"TSK'nın gözlem noktalarına saldırı" iddiaları

TAKİP ET

Milî Savunma Bakanı Hulusi Akar, Suriye Ordusu'nun İdlib'de yürüttüğü operasyonlara ilişkin açıklama yaptı. Bakan Akar, "İdlib'de personelimize zarar gelirse meşru müdafaa hakkımızı kullanırız" ifadelerini kullandı.

İdlib’de Rusya’nın da desteğini alan rejimin havadan ve karadan gerçekleştirdiği saldırılarla çocukları, gençleri, kadınları, yaşlıları katletmeye devam ettiğini ifade eden Akar, bunların durdurulması için Türkiye Cumhuriyeti devleti ve TSK’nın üzerine düşeni en iyi şekilde yapmaya gayret ettiğini söyledi.

Anlaşma ve mutabakatlara aykırı olarak rejim tarafından yapılan saldırılarla bugüne kadar 700'den fazla masum insanın hayatını kaybettiğini, 500 binden fazla insanın evlerini terk etmek zorunda kaldığını dile getiren Akar, şöyle konuştu:

“Yeni göçlerin meydana gelmemesi, insani trajedilerin yaşanmaması ve saldırıların sonunda radikalleşmenin oluşmaması için bu saldırıların bir an önce durmasının gerektiğini hep söyledik, Sayın Cumhurbaşkanımız bunu Rusya’ya son ziyaretinde de Sayın Putin'e ifade etti. TSK’nın İdlib’de 12 gözlem noktası var. Oradaki gözlem noktalarımızın Astana ve Soçi mutabakatları kapsamındaki görevi ateşkes ve istikrarın izlenmesi ve rapor edilmesidir. Bu çerçevede 12 gözlem noktamız görevlerini başarılı şekilde yerine getiriyor. Herhangi bir şekilde bunların güvenliklerinin tehlikeye atılmaması için her türlü tedbiri aldık, almaya devam ediyoruz. ‘Gözlem noktalarımıza yönelik saldırıların olduğuna’ yönelik haberler çıkıyor. Böyle bir şey yok. Fakat biz TSK olarak son derece hassas ve dikkatli şekilde süreci takip ediyoruz. Oradaki personelimizin güvenliğine karşı herhangi bir şekilde girişimde bulunulmamasını tüm ilgili taraflara hatırlatmış bulunuyoruz. Bizim personelimize, gözlem noktalarımıza zarar ziyan geldiği takdirde meşru müdafaa hakkımızı sonuna kadar kullanacağımızı herkese söyledik, söylemeye devam ediyoruz.”

 

Terörle mücadelenin yanı sıra Doğu Akdeniz, Ege ve Kıbrıs’taki faaliyetlerin de kararlılıkla devam ettiğini dile getiren Akar, “Buralardaki hak ve menfaatlerimizden asla taviz vermeyeceğimizi, geri adım atmayacağımızı bütün dünyaya ilan ettik. Bu konuda bizi, gücümüzü, kuvvetimizi test etmeyin, yanlış hesap yapmayın.” diye konuştu.

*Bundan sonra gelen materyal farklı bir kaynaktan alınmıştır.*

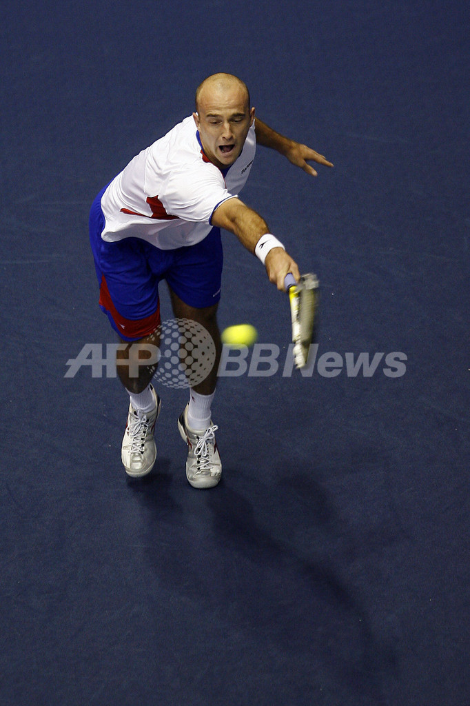 【ザグレブ/クロアチア 3日 AFP】男子テニス、ザグレブ・インドア・トーナメント(PBZ Zagreb Indoors ATP tennis tournament)、シングルス準決勝。大会第1シードのイバン・リュビチッチ(Ivan Ljubicic、クロアチア)は、ロシアのミハイル・ユーズニー(Mikhail Youzhny)と対戦。リュビチッチはセットカウント2-1(2-6、6-3、7-5)でユーズニーに競り勝ち、決勝進出を果たした。(c)AFP/HRVOJE POLAN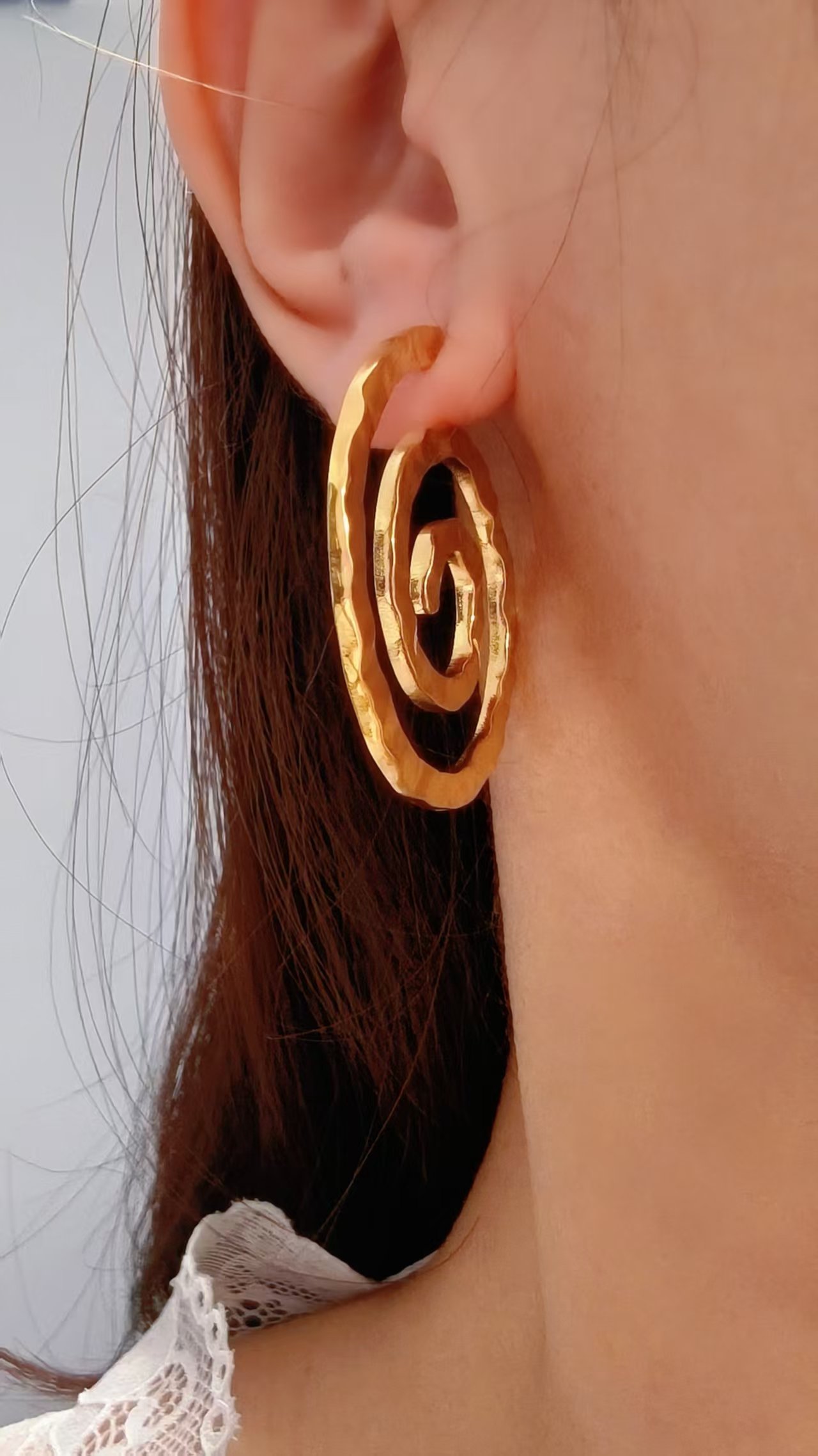 Built on ultra-durable titanium steel and drenched in opulent 18K gold plating, these earrings glow with that warm, heirloom-quality golden finish that never tarnishes. The spiral shape boasts fine, hand-hammered marks for authentic tactile interest and subtle shadows, creating a high-end, gallery-worthy effect that sets them apart from ordinary hoops. Secure posts ensure all-day comfort, and the dramatic scale makes them ideal for statement styling – pair with sleek updos for evening drama, flowy dresses for boho romance, or minimalist outfits for quiet rebellion.
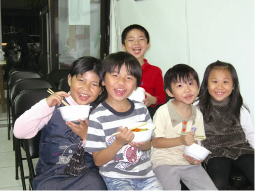 如今豐原教會,來了幾位小朋友來聽講 神的教誨,並一起與會眾共享餐飲,感謝 神的作為!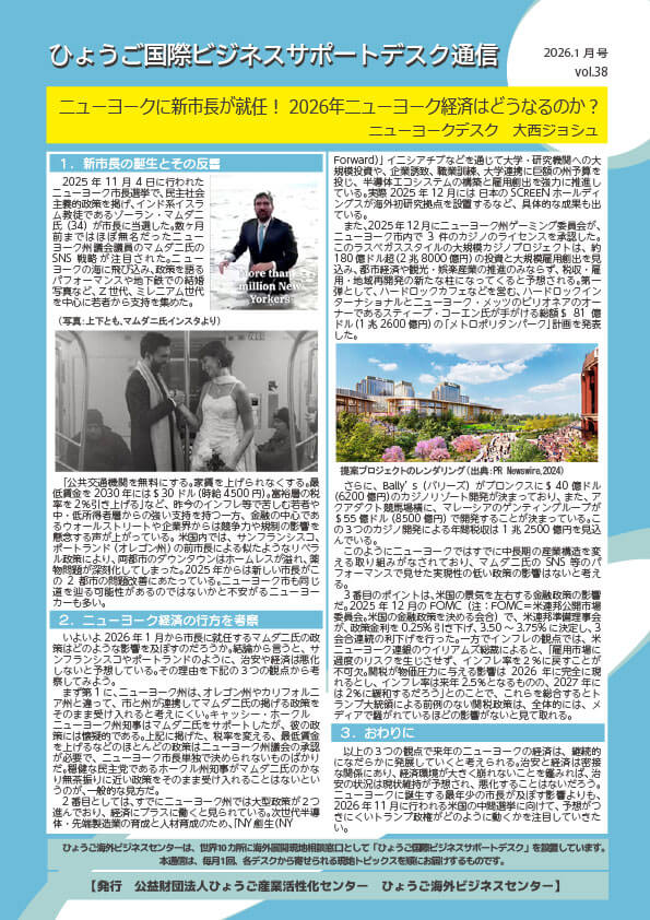 「ひょうご国際ビジネスサポートデスク通信 ~2026年1月号/ニューヨーク~」を掲載しました

“Kıbrıs ile ilgili 1974’te bulunduğumuz nokta ne ise bugün de aynı yerdeyiz.” diyen Akar, o gün nasıl yapılması gereken yapıldıysa benzer bir durumda yine bunun yapılacağından kimsenin şüphe duymaması gerektiğini ifade etti.

Türkiye’nin uluslararası hukuk ve iyi komşuluk ilişkilerinden yana olduğunu vurgulayan Bakan Akar, “Bizim uluslararası hukuka uyacağımızı söylememiz iyi komşuluk ilişkilerinden yana olduğunu belirtmemiz bir taviz, zafiyet değil. Diğer taraftan da hakkımızı, hukukumuzu çiğnetmeyiz dememiz de bir tehdit değil. Biz olayı olduğu gibi, tüm çıplaklığıyla ortaya koyuyor, herkesin hesabını buna göre yapmasını istiyoruz.” dedi.

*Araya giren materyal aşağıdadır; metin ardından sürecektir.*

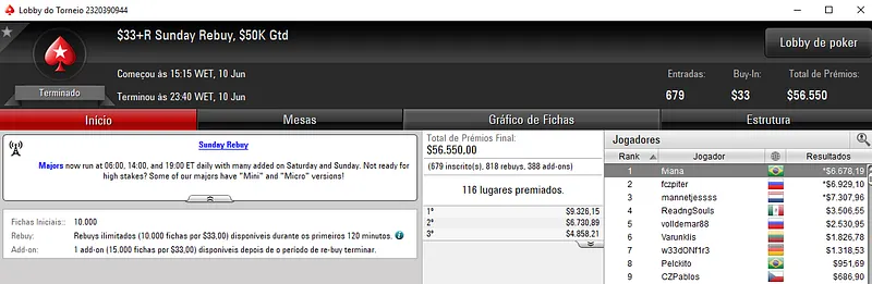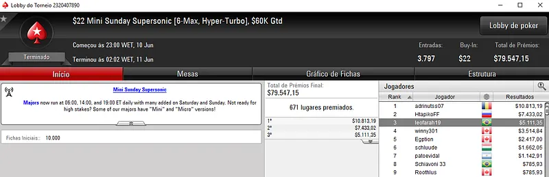 A medalha de prata no Sunday Supersonic valeu $18,853 a Fernando "fviana" Viana. O Sunday Supersonic acolheu 744 entradas e o prize pool chegou aos $152,341. Na terceira colocação, henrynobrega embolsou $13,702. Já Douglas "Dowgh-Santos" Ferreira foi quinto para $7,237.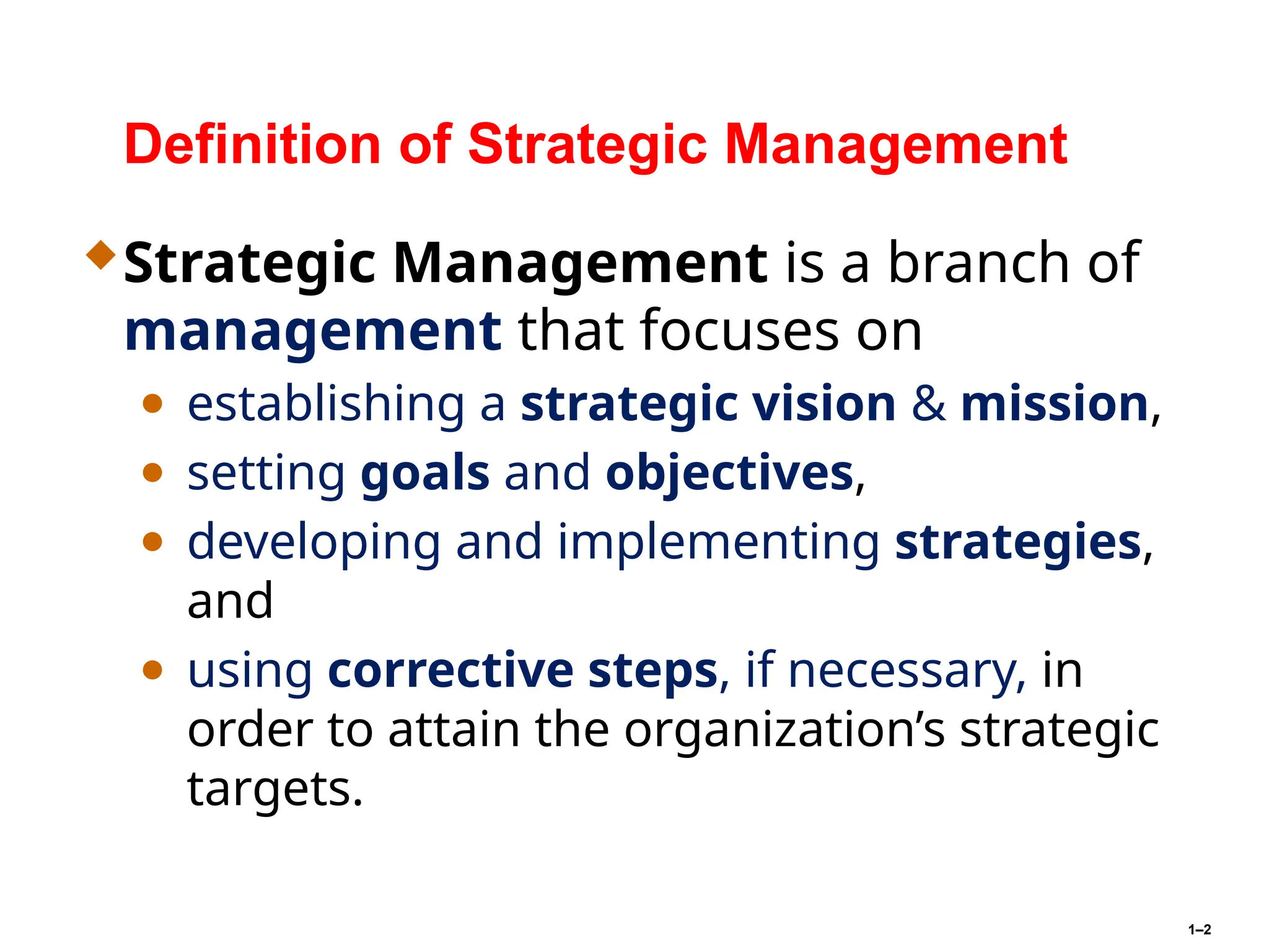 The document outlines the definition and importance of strategic management, emphasizing its role in establishing a vision, setting objectives, and crafting strategies to improve performance. It discusses why some companies succeed while others fail and highlights various aspects of strategy, including the quest for competitive advantage and the need for strategies to adapt over time. Additionally, it covers the elements of a business model and the strategic roles of different management levels within an organization.

Türk Silahlı Kuvvetlerinde bir üst rütbeye terfi eden personelin rütbe işaretleri dün Milli Savunma Bakanlığında düzenlenen törenle verildi.

Akar, Genelkurmay Başkanı Orgeneral Yaşar Güler, Kara Kuvvetleri Komutanı Orgeneral Ümit Dündar, Deniz Kuvvetleri Komutanı Oramiral Adnan Özbal ve Hava Kuvvetleri Komutanı Orgeneral Hasan Küçükakyüz’ün yanı sıra Bakan Yardımcılarının da katıldığı tören, saygı duruşu ve İstiklal Marşı’nın okunması ile başladı.

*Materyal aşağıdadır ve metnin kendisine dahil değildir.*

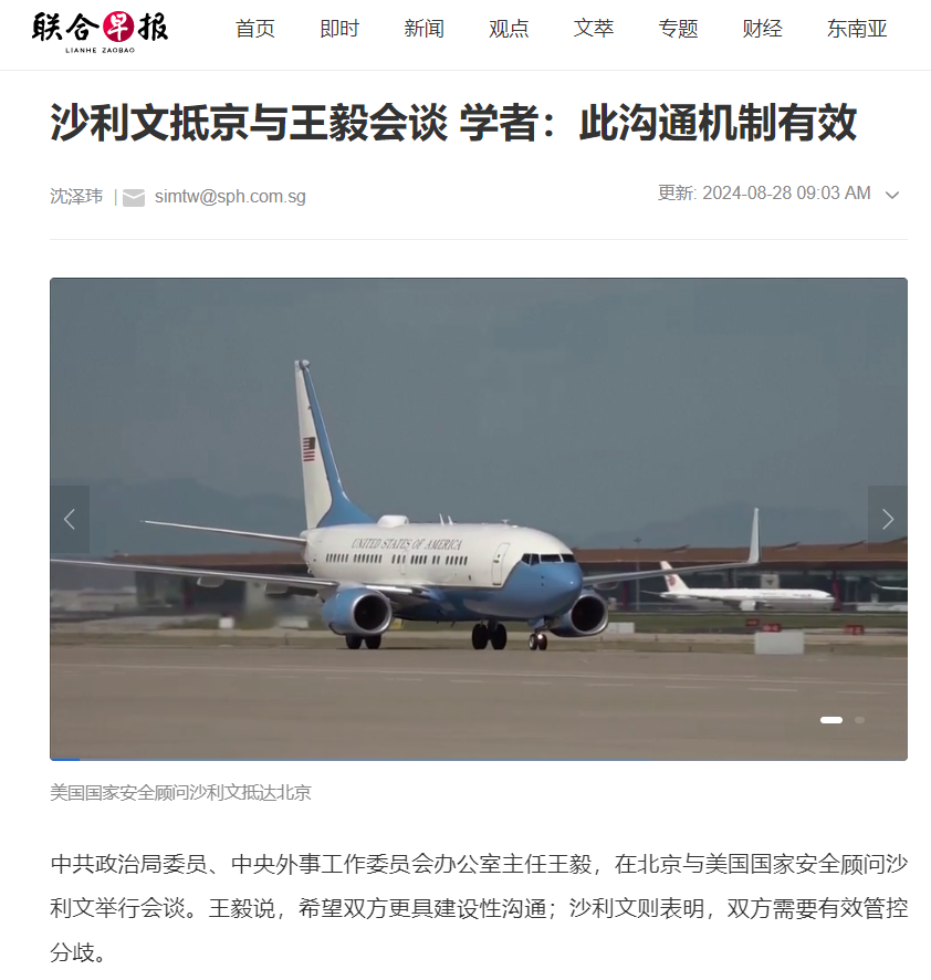 我只知道,沙列文前不久剛剛來訪問了,強調雙方需要有效管控分歧。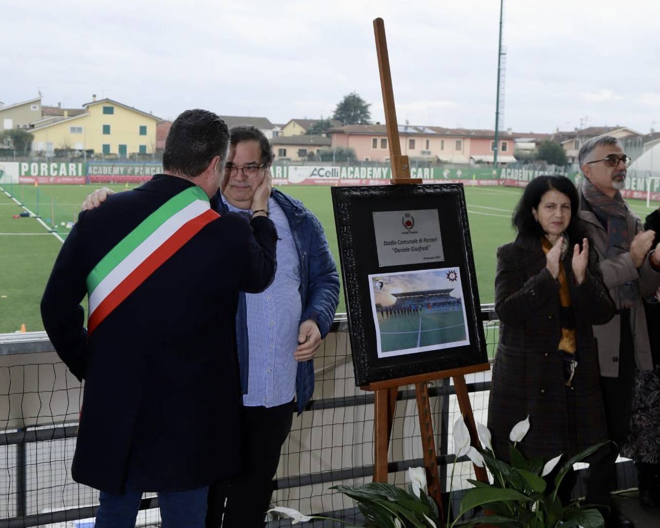 "Daniele ha sempre amato il calcio e ha sempre voluto giocare a Porcari – ha detto il primo cittadino – in quello stadio proprio dietro casa sua. Ha iniziato a tirare calci al pallone a 7 anni e non ha mai smesso, affermandosi sempre più come punto di riferimento per i compagni di squadra. Con affetto e semplicità abbiamo deciso di dare il nome di Daniele Giusfredi a questo impianto sportivo oggi riqualificato e fiore all'occhiello della Toscana. La forza della memoria, d'altronde, si esprime anche attraverso piccoli gesti simbolici che fanno bene alla comunità. Ho sempre detto e ripetuto che questo è lo stadio dei giovani ed è bello che oggi porti anche il nome di un giovane".

Törendeki konuşmasında bölgesel konulara değinen Akar, tayin ve terfilerin de askeri personel açısından önemli olduğunu belirtti. Yüksek Askeri Şura toplantısında alınan kararların Cumhurbaşkanı Recep Tayyip Erdoğan’ın onayının ardından yürürlüğe girdiğini anımsatan Bakan Akar, “Terfiler ve tayinler bu şekilde gerçekleşti. Birtakım yorumlar ve değerlendirmelerin bu temelde olması gerekir. Bunun dışındakiler gerçeği yansıtmıyor.” diye konuştu.

Rütbe arttıkça görev ve sorumlulukların da arttığına dikkati çeken Akar, personelin görevlerini yaparken bir önceki günden daha fazla çalışmalarının gerektiğini vurguladı. Türk Silahlı Kuvvetlerinin bugüne kadar karada, denizde ve havada vatanının ve milletinin güvenliği ve huzuru için elinden geleni yaptığını, bundan sonra da yapmaya devam edeceğini belirten Bakan Akar, “Bu asil milletin egemenliği, bağımsızlığı ve güvenliği için yapılması gereken neyse yapacağız.” ifadesini kullandı.